In the same way, there is much intentional or non-intentional sharing of misinformation, often referred to as fake news [31, 32]. A computer program that can deal with sentiment well might be able to identify tweets with specific content and others with opposite or contradictory content. We did not, for example, investigate tweets that suggested the COIVD-19 pandemic should not be taken seriously. Instead, we considered reasons why people elected to share content. Representative examples are provided in Table 21.
Many other investigations are possible. For example, could the impact of international protests be factored into the sentiment analysis? Is it possible to identify a “tipping” point where people realized the importance of being vigilant (wearing masks, etc.) based on posts reported by infected people relaying the seriousness of the disease to others?

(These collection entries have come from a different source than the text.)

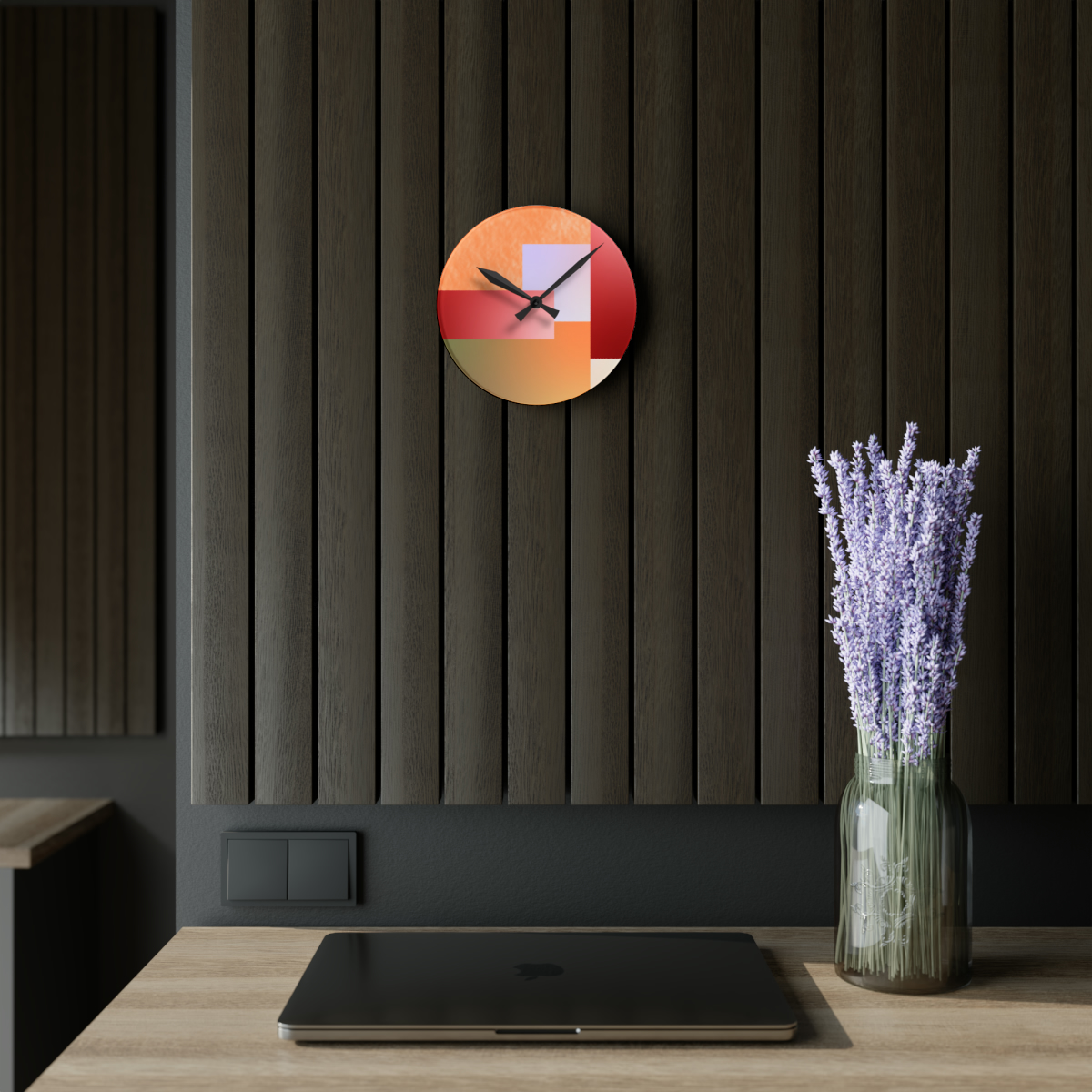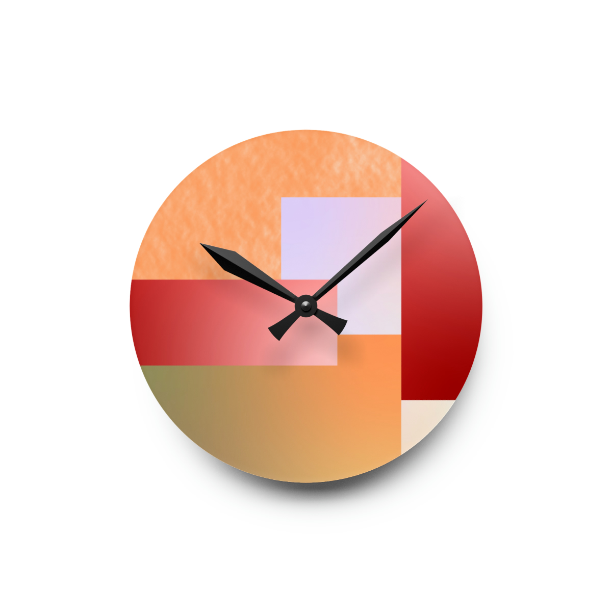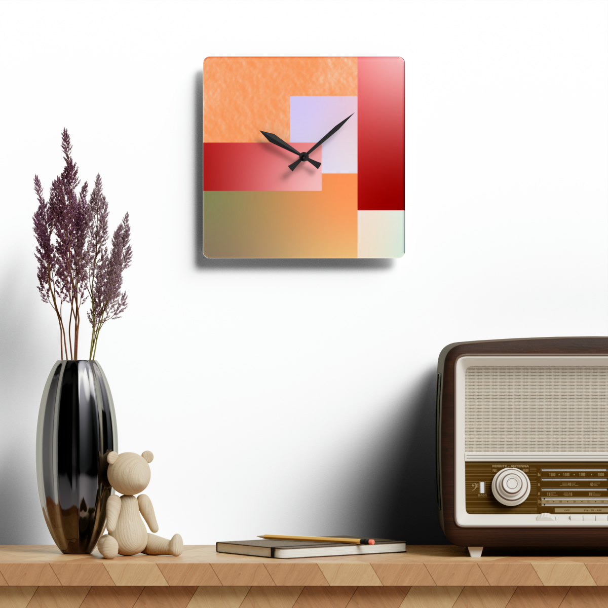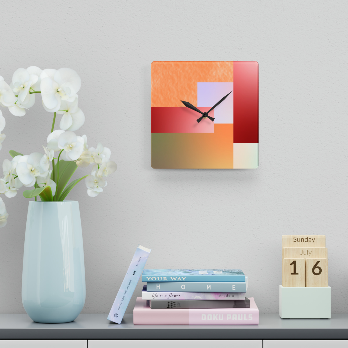 These clocks come in two shapes (round and square) and two sizes. Each clock has a keyhole at the back for easy hanging on a wall. They’re made from an acrylic material that looks like glass but is more durable and sturdy.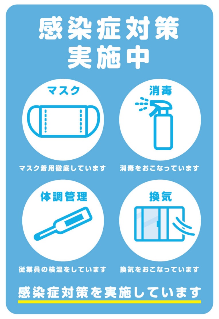 コロナウイルス対策としまして、日々の検温はもちろん、訪問時は消毒及びマスク着用を徹底しております。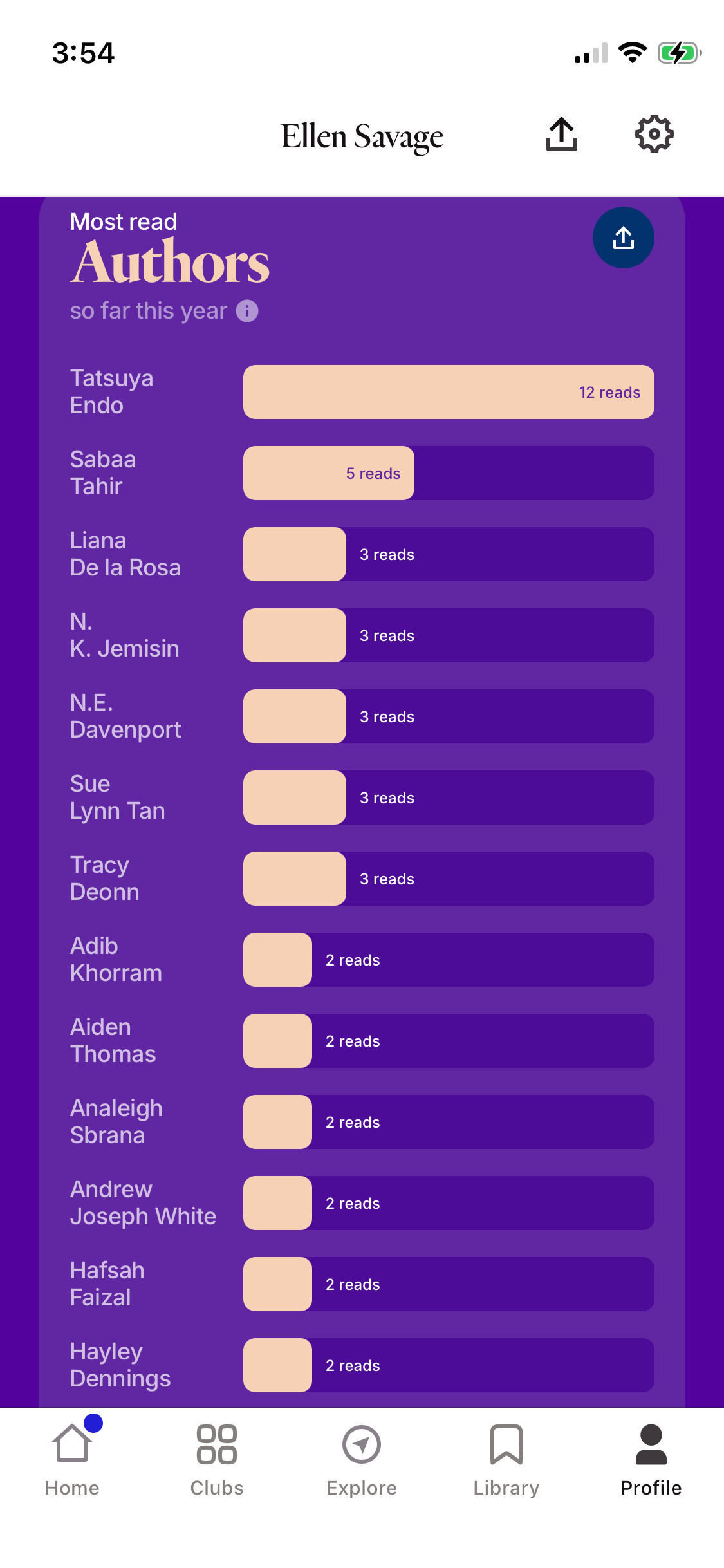 Your most read authors chat displays authors you’ve read multiple times. If viewing your yearly stats, this chat will indicate the authors you've read two or more times in a given year. If viewing your all-time stats, this will display your top 10 most read authors of all-time. Rereads are taken into consideration for this chart and books must have a finished date listed in order to be tracked in your stats.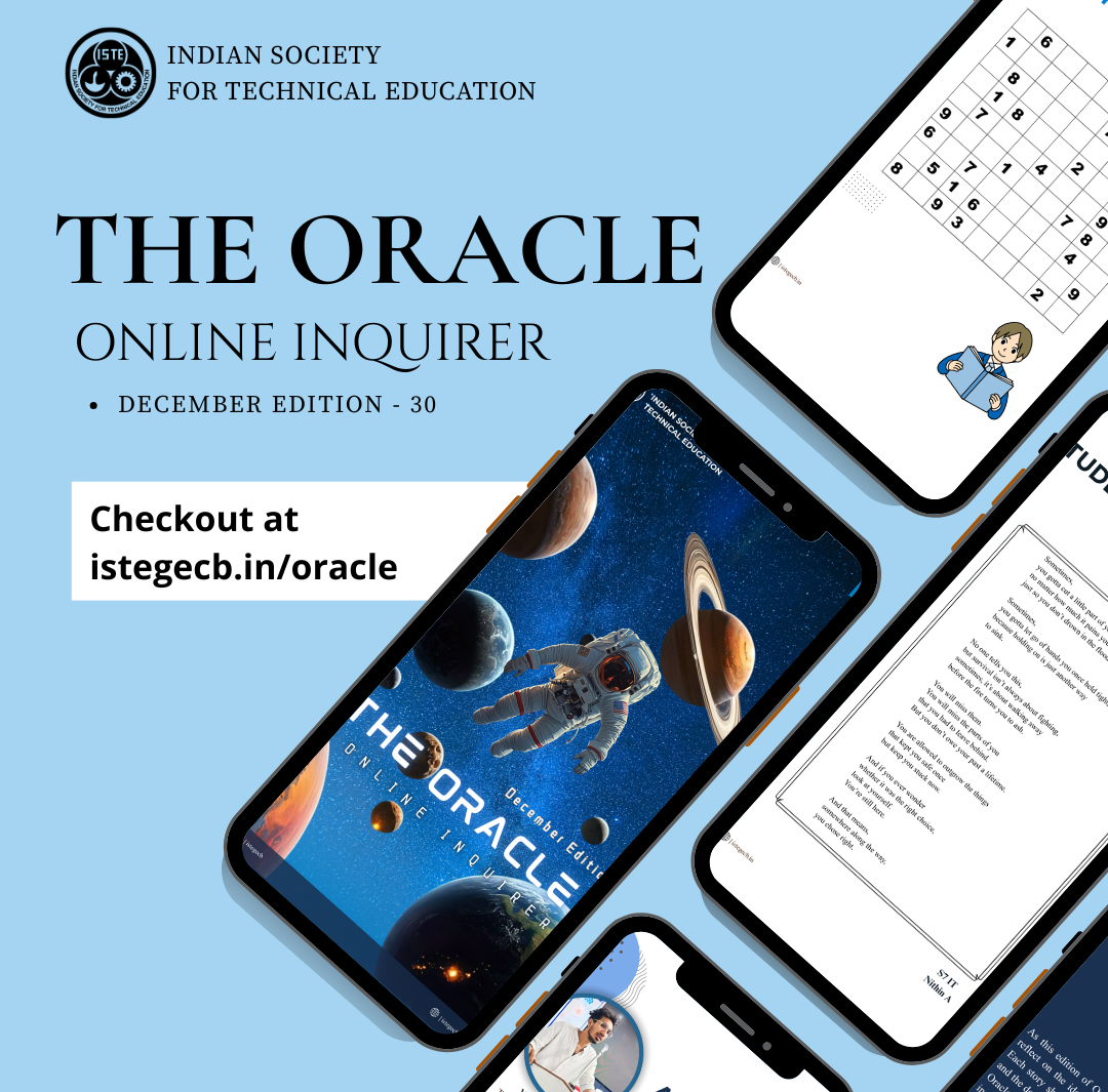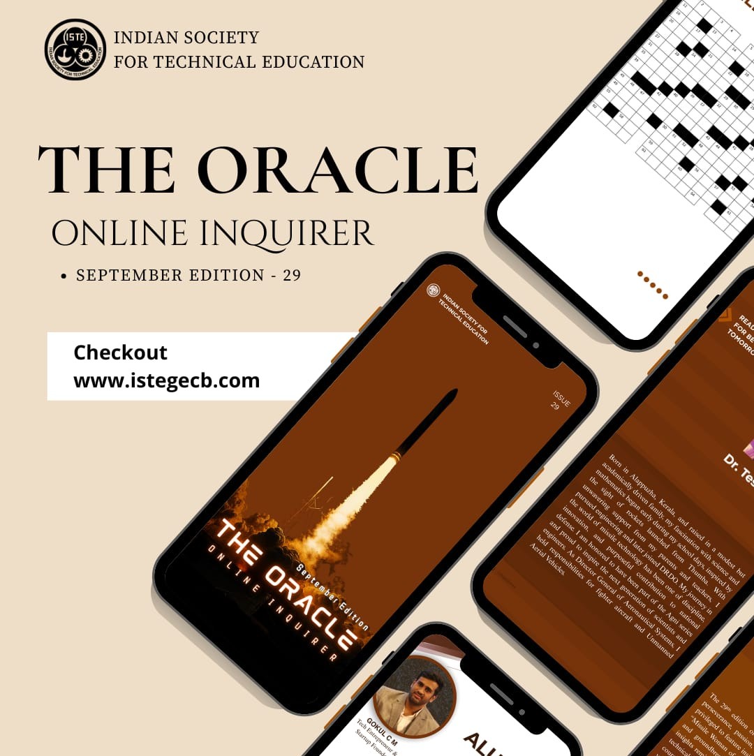 Oracle,an online inquirer newsletter released every month features students' queries to accomplished personalities, institutes or organisations. Previous editions were of prominent personalities like Dr E Sreedharan - The Metroman, Dr P M Ajayan in field of nanotechnology, Prof V K Damodaran and many more.The basic idea behind this newsletter is to provide our student chapter members with the academic knowledge and they can remain updated with the monthly current affairs through different sections of this newsletter. Sections like games, fun facts and puzzles have been added for fun.

Twitter has been used for social debates and expressions of public opinion (e.g., [33]). No doubt, it will continue to be used in this manner for topics of large, public impact. However, with millions of tweets being generated each day, our study has involved a limited number of texts, restricted to those written in English. It would be useful to expand the categories of sentiment we use as well as well as to determine whether there was any age group or gender differences in the negative tweets. Finally, finding the true nuggets will, no doubt, require a huge, semi-automated approach, but doing so might help to identify insights that could lead to the development of better sentiment analysis tools.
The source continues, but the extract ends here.